REQUIREMENT => Of all the entries below, retype only the lines from the one with "в сценарии одновременно." through the one with "- Adjustable Temperature", exactly as they appear.

Start of MATERIAL PROVIDED

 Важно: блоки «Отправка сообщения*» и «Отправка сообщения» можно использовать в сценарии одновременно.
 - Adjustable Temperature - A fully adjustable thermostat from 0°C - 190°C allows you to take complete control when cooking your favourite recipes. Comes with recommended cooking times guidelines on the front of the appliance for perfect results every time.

End of MATERIAL PROVIDED
Start of MATERIAL PROVIDED

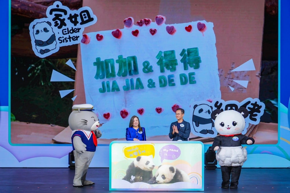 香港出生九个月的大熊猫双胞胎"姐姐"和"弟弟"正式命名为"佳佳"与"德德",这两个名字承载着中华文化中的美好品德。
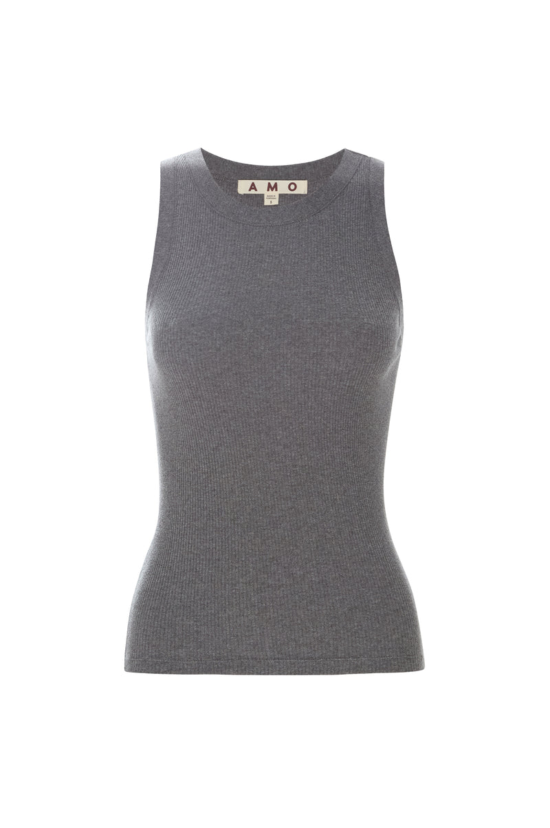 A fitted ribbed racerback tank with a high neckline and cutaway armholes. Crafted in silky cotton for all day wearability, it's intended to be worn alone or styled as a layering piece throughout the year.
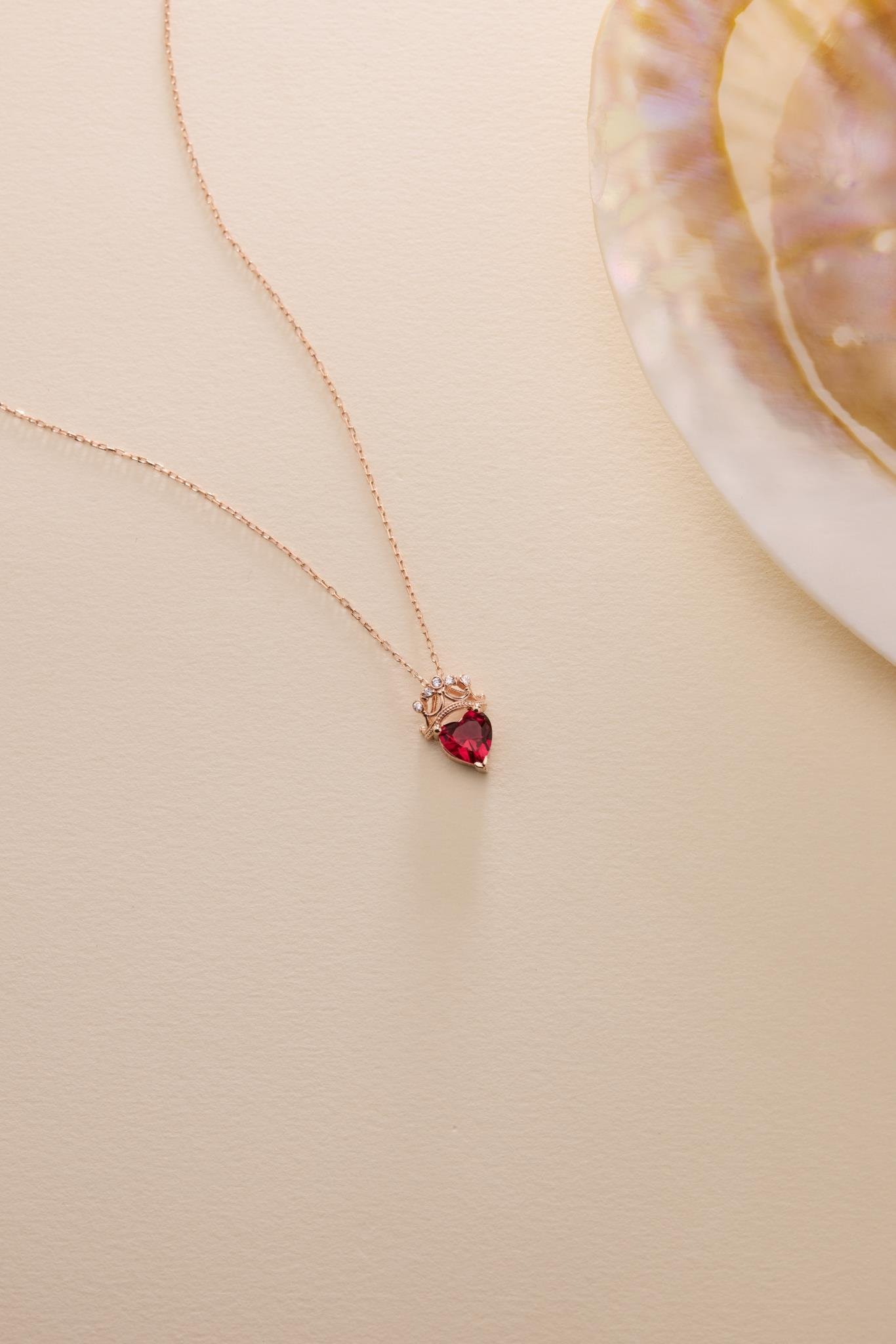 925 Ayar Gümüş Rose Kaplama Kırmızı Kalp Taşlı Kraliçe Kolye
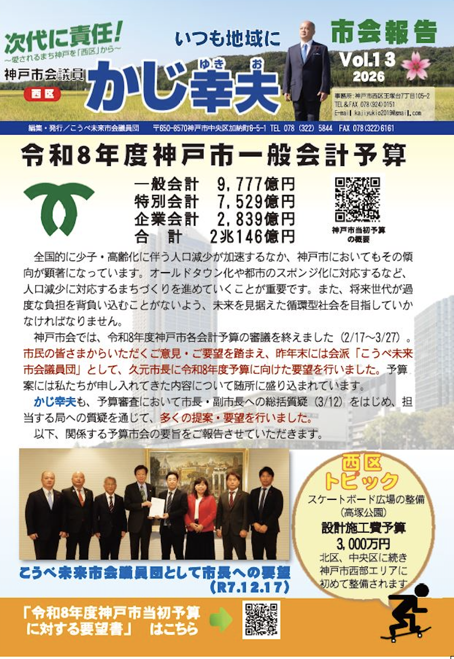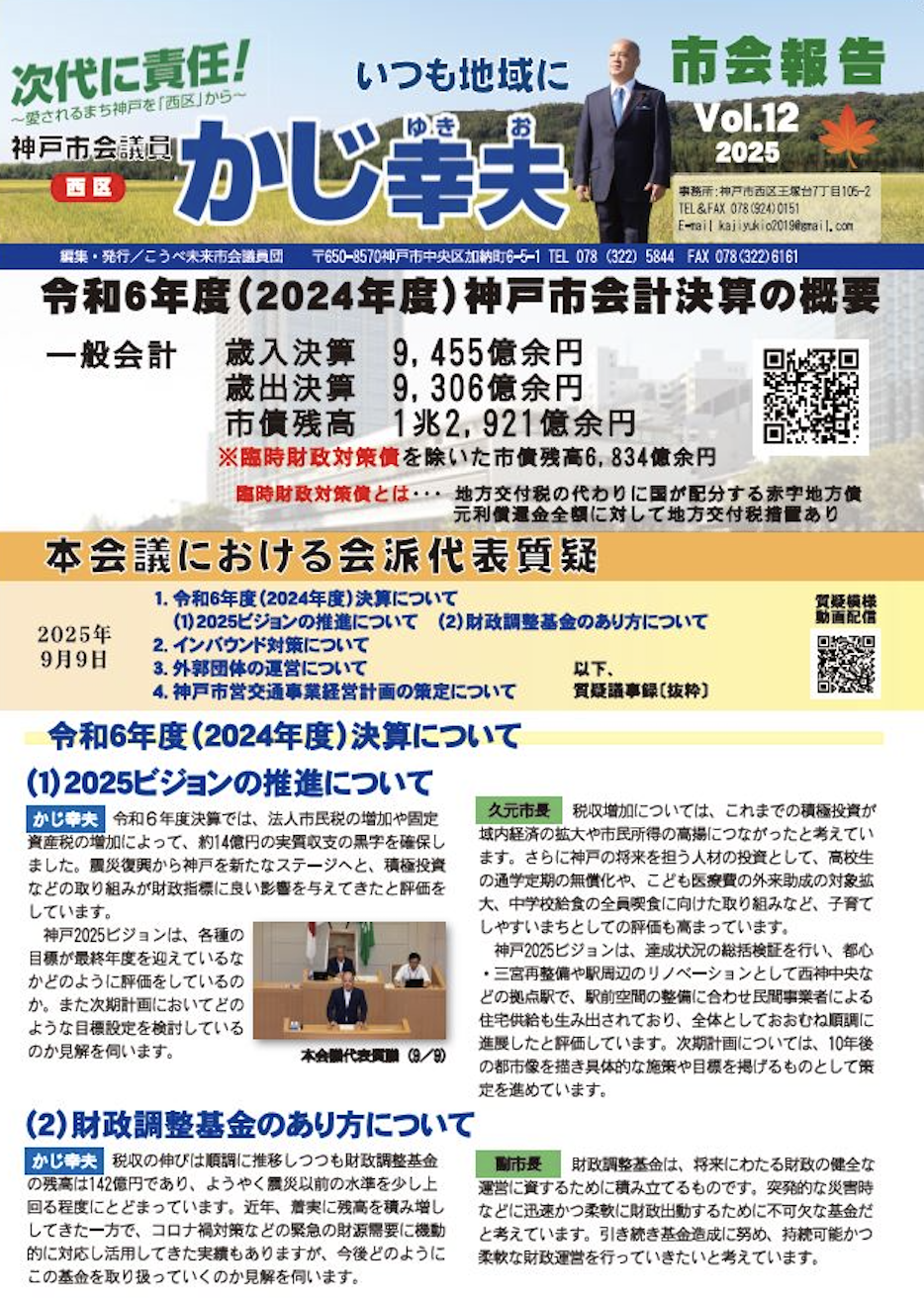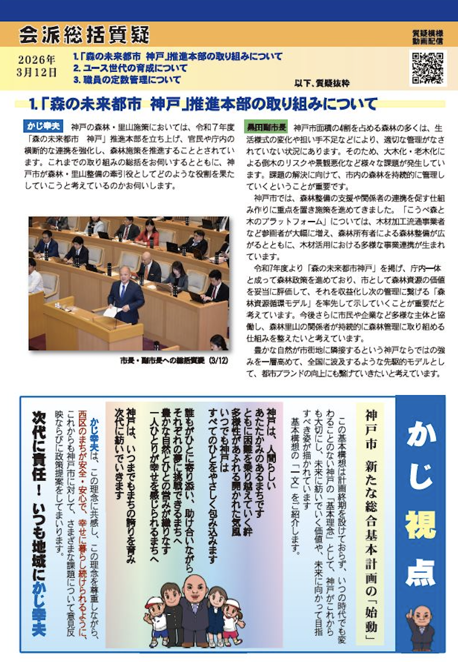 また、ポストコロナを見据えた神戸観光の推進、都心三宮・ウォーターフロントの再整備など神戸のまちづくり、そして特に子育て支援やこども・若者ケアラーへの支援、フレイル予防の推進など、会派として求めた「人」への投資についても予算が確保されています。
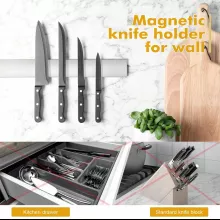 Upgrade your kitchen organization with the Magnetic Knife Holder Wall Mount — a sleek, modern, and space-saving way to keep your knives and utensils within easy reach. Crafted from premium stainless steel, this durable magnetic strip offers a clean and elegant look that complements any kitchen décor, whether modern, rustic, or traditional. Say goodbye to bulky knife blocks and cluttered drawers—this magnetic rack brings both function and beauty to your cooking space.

End of MATERIAL PROVIDED

REPLY =>
 Важно: блоки «Отправка сообщения*» и «Отправка сообщения» можно использовать в сценарии одновременно.
 - Adjustable Temperature - A fully adjustable thermostat from 0°C - 190°C allows you to take complete control when cooking your favourite recipes. Comes with recommended cooking times guidelines on the front of the appliance for perfect results every time.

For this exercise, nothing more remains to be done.